The employee maintained that they nonetheless should be classified as exempt under the FLSA’s “learned professional” exemption. This applies to employees who are paid on a salary or fee basis and whose primary duty is the performance of work requiring advanced knowledge in a field of science or learning that must be customarily acquired by a prolonged course of specialized intellectual instruction.
DOL wrote that the loss of supervisory duties on its own would not preclude exemption but that the employee’s conversion from being paid on a salary basis to being paid on an hourly basis may defeat exemption. “Moreover, even if you do meet the tests for the learned professional exemption, your employer may nonetheless choose to classify you as non-exempt,” the agency said.
Another scenario presented to DOL concerned the FLSA’s exemption for retail and service establishment employees who are paid at least partly on a commission basis.
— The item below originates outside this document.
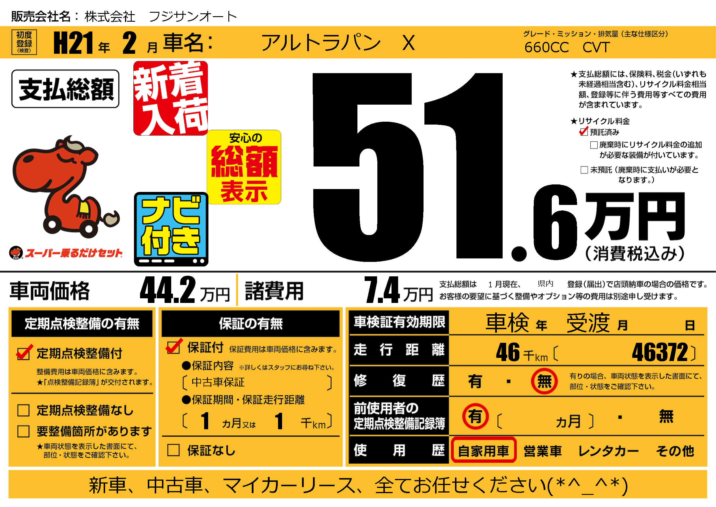 | 走行キロ | 4.6万km | 初年度登録 | H21年2月 |

Specifically, the letter asked how employers must apply the exemption in states with a higher minimum wage than the federal minimum, and which must be used to determine whether an employer has satisfied the exemption’s minimum pay standard. The letter also asked whether tips could be deemed compensation for purposes of the exemption’s requirement that more than half of an employee’s total pay in a representative period consists of commissions.
In its reply, DOL said that the text of the exemption explicitly incorporates the federal minimum wage. As for the second part of the inquiry, the agency wrote that tips are not considered commissions but that, in some cases, a portion of an employee’s tips could be counted as compensation for determining whether an employee is primarily paid by commission.